The f function may include logic for transliteration (such as transposition, deletion, insertion, and transcription) that needs to be checked for a sliding window. Additionally, the result is updated in the f function if a contextual rule 143 applies. Due to the application of some rules that were applied to a cluster of letters in a sliding window, some sliding windows may be skipped because those characters were already processed in a previous rule application and the result was already updated. As such, the accumulator map 171 includes a skip integer 175 value that indicates a skip-next-N entry (in which n is an integer). Because this map is the return value of the reduce function, it will be passed along for the next iteration. If the value of the key skip-next-n is greater than zero, then the same result is returned in the accumulator function with a decremented value of skip-next-n. In this manner, the next sliding window, which would contain an already processed letter, may be skipped.
FIG. 8 illustrates an example of a method for context-based transliteration of a source language into a target language based on a higher-order function 160 and a reducing function 170;
At 802, the method 800 may include accessing an input sequence 101 having a plurality of characters in a source language to be transliterated into a target language. At 804, the method 800 may include executing a higher-order function (such as the higher-order function 160) that takes as input the input sequence, a window size parameter that defines a number of characters to be included in a window, and an identification of a reducing function 170 (such as the reducing function 170).
At 806, the method 800 may include generating, by the higher-order function, a plurality of sliding windows based on the input sequence and the window size parameter, wherein each sliding window comprises a number of characters from the input sequence that is based on the window size to capture context for one or more characters in the sliding window to be transliterated.

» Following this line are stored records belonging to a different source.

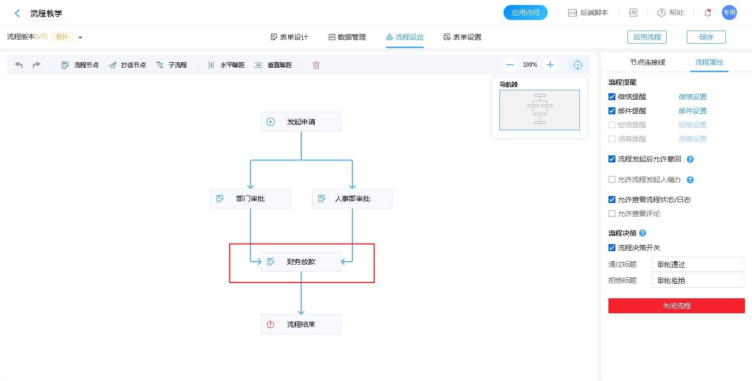 按照这个设定,我们就完成了流程的条件流转,满足金额小于500元的走部门审批环节,大于500元的走人事部审批环节。
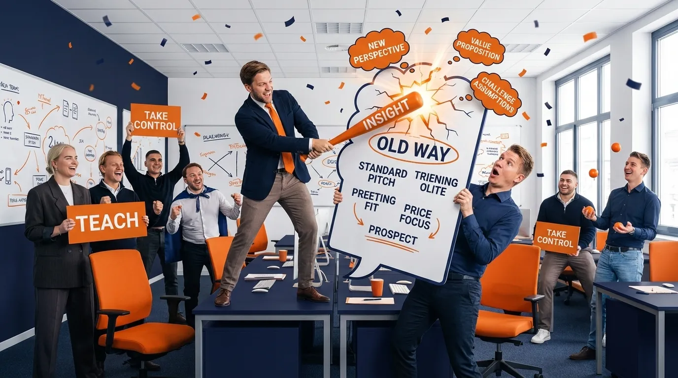 Traditional: "Tell me about your sales challenges." Challenger: "Based on 100+ companies in your sector, we see 70% focus on more leads, while the real problem is conversion. Your conversion data suggests the same - investing in more leads would be wasteful."
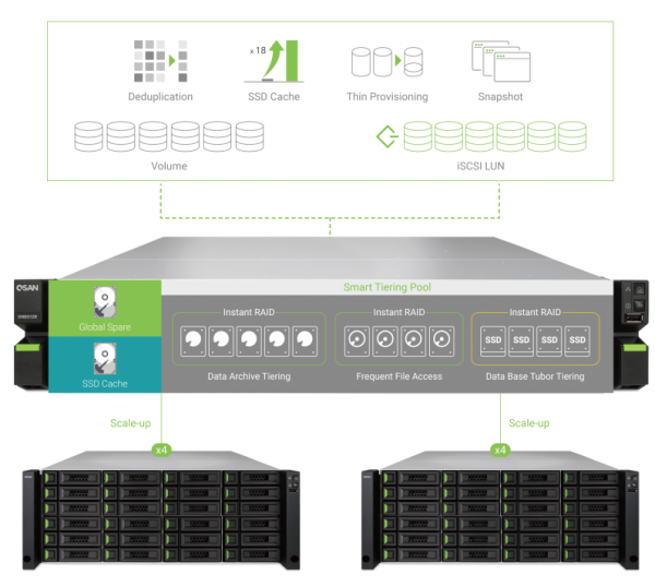 QSM 3.0 能有效解决各种应用程序对效能的需求。SSD 快取提高数据访问速度,自动分层技术针对存取频率对数据进行分类,能更加速对常用档案的读取。
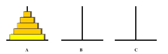 约19世纪末,在欧州的商店中出售一种智力玩具,在一块铜板上有三根杆,最左边的杆上自上而下、由小到大顺序串着由64个圆盘构成的塔。目的是将最左边杆上的盘全部移到中间的杆上,条件是一次只能移动一个盘,且不允许大盘放在小盘的上面。
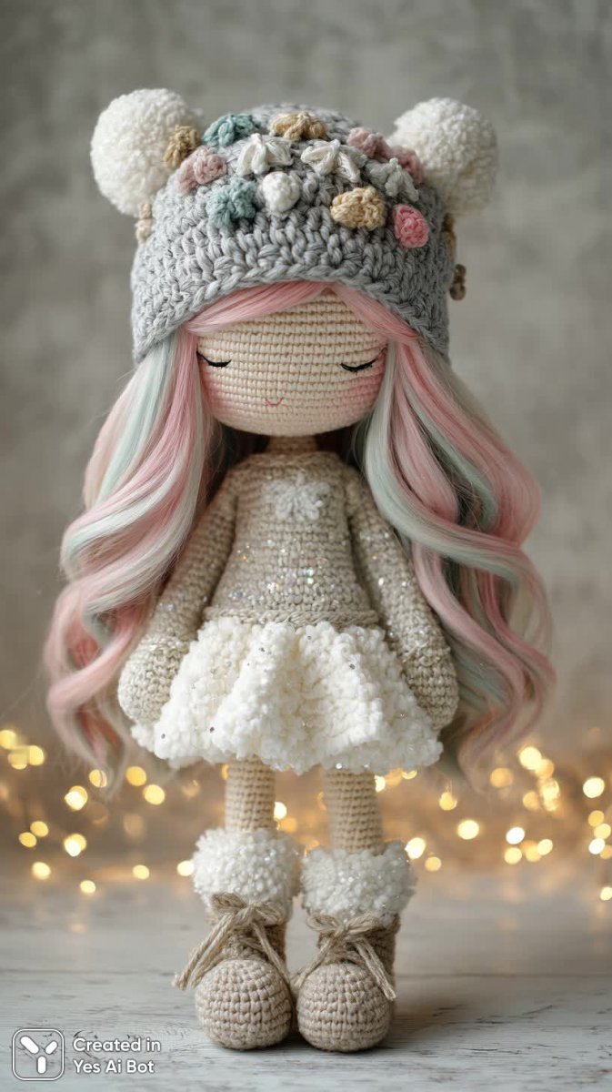 crocheted doll with pastel colored hair, wearing a fluffy white skirting with sequined snowflakes, pom-pom hat with ear flaps, surrounded by small holiday ornaments, BG is gentle gray, high-quality, warm lighting, capturing the joyful essence of the season and the fine crochet techniques.

For each of at least some of the sliding windows from among the plurality of sliding windows, the method 800 may include 808, 810, and 812. At 808, the method 800 may include executing, by the higher-order function, the reducing function to transliterate one or more characters in the sliding window based on the captured context from the sliding window. At 810, the method 800 may include transliterating, by the reducing function, one or more characters in the sliding window based on the captured context from the sliding window. At 812, the method 800 may include updating, by the reducing function, an accumulator map 171 comprising a vector of characters based on the transliteration and a number of characters to skip in a next iteration.
At 814, the method 800 may include generating a sequence of characters in the target language based on the vector of characters.
FIG. 10 illustrates an example of a computer system 1000 that may be implemented by devices illustrated in FIG. 1. The computer system 1000 may be part of or include the system environment 100 to perform the functions and features described herein. For example, various ones of the devices of system environment 100 may be implemented based on some or all of the computer system 1000. The computer system 1000 may include, among other things, an interconnect 1010, a processor 1012, a multimedia adapter 1014, a network interface 1016, a system memory 1018, and a storage adapter 1020.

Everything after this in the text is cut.